What about Gerrard's agile-usability story? others?

Contextualizing an outside in process

Let's make this process a bit more tangible by using a story that describes an outside in process and names then contextualizes the techniques used in it.

The stories told here are about real people and their behavior on real projects that I or someone I've collaborated with closely has participated in. In spirit of the old '60s television crime show Dragnet "the names have been changed to protect the innocent."

If in the context of this book or any other book on software development someone tells you a story about a perfect project where everything is done right and everything goes well, don't believe it. In fact when I sat down to write this, I'd hoped to tell a single story about a single project where every recommended technique was used, every model was built, and everything did go well. But, in the real world that just doesn't happen. And, it never has for me. So, doing what any good software person does, I started to make up a story. A good friend was quick to point out to me that this was in fact lying, and people would see through it. Of course he was right.

In an attempt to tell true stories that place these techniques and models in context, It'll take a few small stories about several projects that effectively use some of the techniques described in this book. I will avoid mentioning too many of the gory details of which there are many. While these yucky project details may be interesting, they don't help frame the use of these models and techniques which is the real goal.

Dog-Fooding

The expression "eating your own dog food" is often used when we ask someone to follow their own advice particularly when in pertains to using something they've built or a technique they've authored or recommended. We'll start dog-fooding by using recommended techniques here in this book.

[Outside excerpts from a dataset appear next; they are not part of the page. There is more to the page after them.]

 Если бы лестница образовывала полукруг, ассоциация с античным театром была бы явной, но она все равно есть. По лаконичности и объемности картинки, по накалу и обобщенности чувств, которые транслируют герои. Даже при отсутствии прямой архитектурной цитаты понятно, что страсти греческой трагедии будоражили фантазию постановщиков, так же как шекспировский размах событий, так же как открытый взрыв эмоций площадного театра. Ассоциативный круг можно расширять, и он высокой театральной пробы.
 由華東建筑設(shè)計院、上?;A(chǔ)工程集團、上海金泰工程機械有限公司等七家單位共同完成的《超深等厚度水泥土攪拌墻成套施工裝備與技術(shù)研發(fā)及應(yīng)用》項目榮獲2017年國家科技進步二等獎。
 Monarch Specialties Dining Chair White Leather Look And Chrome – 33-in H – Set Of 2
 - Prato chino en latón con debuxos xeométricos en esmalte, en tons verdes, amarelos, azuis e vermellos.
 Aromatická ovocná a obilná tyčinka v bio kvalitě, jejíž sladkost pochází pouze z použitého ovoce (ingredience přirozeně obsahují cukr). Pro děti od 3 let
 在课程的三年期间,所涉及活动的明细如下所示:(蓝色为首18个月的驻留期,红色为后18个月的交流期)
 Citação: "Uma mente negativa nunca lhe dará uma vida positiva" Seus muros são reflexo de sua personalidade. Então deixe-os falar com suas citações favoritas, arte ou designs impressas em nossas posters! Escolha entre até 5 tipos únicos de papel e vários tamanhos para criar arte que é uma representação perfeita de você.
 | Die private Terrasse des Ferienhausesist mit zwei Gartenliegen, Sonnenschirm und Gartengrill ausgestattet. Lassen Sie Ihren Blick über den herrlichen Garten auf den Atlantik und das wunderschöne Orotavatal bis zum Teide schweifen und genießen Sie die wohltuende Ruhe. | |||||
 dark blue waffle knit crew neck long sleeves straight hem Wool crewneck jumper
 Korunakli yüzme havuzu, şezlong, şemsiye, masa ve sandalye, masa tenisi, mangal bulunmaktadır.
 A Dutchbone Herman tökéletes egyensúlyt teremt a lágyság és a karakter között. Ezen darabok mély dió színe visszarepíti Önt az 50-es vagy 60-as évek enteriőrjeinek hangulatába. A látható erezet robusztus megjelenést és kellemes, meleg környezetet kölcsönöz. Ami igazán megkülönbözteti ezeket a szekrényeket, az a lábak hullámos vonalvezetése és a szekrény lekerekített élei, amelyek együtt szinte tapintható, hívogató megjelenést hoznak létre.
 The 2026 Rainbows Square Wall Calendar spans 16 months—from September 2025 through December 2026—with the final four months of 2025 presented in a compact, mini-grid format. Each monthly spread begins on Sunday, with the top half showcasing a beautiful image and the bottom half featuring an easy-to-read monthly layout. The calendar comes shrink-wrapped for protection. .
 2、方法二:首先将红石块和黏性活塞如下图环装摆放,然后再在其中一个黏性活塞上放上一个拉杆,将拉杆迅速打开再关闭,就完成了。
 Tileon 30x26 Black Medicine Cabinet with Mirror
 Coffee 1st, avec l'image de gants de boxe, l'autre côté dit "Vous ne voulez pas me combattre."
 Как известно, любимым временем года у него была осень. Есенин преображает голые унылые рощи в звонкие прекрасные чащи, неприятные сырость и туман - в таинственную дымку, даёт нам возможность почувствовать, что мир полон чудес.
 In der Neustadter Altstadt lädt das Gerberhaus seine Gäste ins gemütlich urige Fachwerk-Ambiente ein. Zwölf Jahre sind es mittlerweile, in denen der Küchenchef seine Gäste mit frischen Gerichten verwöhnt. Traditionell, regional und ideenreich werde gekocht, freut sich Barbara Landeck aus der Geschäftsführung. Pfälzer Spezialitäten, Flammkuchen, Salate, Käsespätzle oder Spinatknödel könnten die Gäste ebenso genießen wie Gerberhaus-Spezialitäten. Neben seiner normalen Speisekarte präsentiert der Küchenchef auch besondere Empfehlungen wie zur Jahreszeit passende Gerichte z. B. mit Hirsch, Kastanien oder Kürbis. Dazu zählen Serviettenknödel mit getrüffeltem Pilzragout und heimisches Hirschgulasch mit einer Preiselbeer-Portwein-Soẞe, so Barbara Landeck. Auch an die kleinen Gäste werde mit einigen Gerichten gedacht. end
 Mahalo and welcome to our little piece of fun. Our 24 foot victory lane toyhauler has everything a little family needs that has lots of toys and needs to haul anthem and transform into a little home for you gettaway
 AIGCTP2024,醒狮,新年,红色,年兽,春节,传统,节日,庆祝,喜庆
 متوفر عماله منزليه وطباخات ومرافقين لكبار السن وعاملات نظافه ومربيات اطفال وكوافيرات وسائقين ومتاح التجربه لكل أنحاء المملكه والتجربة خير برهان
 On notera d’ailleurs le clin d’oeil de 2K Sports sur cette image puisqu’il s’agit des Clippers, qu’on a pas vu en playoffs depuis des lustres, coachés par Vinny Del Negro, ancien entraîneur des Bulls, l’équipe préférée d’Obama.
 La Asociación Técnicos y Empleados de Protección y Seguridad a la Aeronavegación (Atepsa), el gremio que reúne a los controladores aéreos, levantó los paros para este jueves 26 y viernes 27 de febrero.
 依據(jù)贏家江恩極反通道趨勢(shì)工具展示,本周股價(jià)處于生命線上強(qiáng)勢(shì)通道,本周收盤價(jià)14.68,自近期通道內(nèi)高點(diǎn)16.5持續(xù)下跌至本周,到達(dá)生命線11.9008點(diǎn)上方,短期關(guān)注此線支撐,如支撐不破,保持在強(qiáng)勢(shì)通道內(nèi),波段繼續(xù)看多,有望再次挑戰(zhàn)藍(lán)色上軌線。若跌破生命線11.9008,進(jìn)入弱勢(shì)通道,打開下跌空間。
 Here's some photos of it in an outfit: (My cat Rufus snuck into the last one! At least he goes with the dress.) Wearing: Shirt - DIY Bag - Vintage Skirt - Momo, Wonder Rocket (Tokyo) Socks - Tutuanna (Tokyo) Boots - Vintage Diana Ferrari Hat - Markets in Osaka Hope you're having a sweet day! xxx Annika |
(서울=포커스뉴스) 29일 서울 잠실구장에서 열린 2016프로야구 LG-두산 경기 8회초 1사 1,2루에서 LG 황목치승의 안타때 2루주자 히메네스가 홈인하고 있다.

One of the modeling techniques recommended in this book is the User Scenario. (You can tell it's a referenced technique because the word is bold and in a different color. Throughout this book you'll see that convention.) A user scenario describes in literal detail a particular user engaged in a particular activity. A well written scenario reveals the goals and motivations of the user that compel them to pursue a particular path through the system. It's an effective tool for placing the functionality you chosen to build in your software into a real world context that readers, and listeners, can understand. I'll contextualize the models and techniques used is this book using a scenario written at a business level - let's call it a business scenario.

Project Paint More

Project Paint More demonstrates effective collaborative design and iterative development. However, it also leaves us with a warning that basing design on hearsay and assumption, and not effectively validating throughout development can result in unforeseen consequences.

The Context

paint store

Paint More is a largish chain of retail stores that primarily sells high quality paint to home owners, interior decorators, and paint contractors. Paint More purchased package point of sale and backend inventory management software POS Co. While that software had lots of great features, it didn't have any features that allowed the easy sale and management of tinted paint. Of course those sorts of features were important to Paint More. So they paid POS Co. some additional money to add functionality into the software to allow the selling of standard and custom tinted paint, including the printing of a label to go on each paint can.

POS Co proceeded as they had normally proceeded: minimal requirements were gathered for the functionality of the software, a price was set, and a delivery date was agreed upon. The development team began development using minimal requirements to proceed.

Designing the solution

Identifying users and usage

The POS Co. development team, project and engagement managers familiar with the work committed to Paint More participated in collaborative work sessions to construct a simple user role model to represent their understanding of the types of users using the software and a simple user task model to understand the type of work those users needed to engage in when using the new software. These models were quick to create using CardStorm to get ideas on the table to brainstorm User Roles and User Tasks directly on to index cards so they could be quickly Filtered and Prioritized then placed into models.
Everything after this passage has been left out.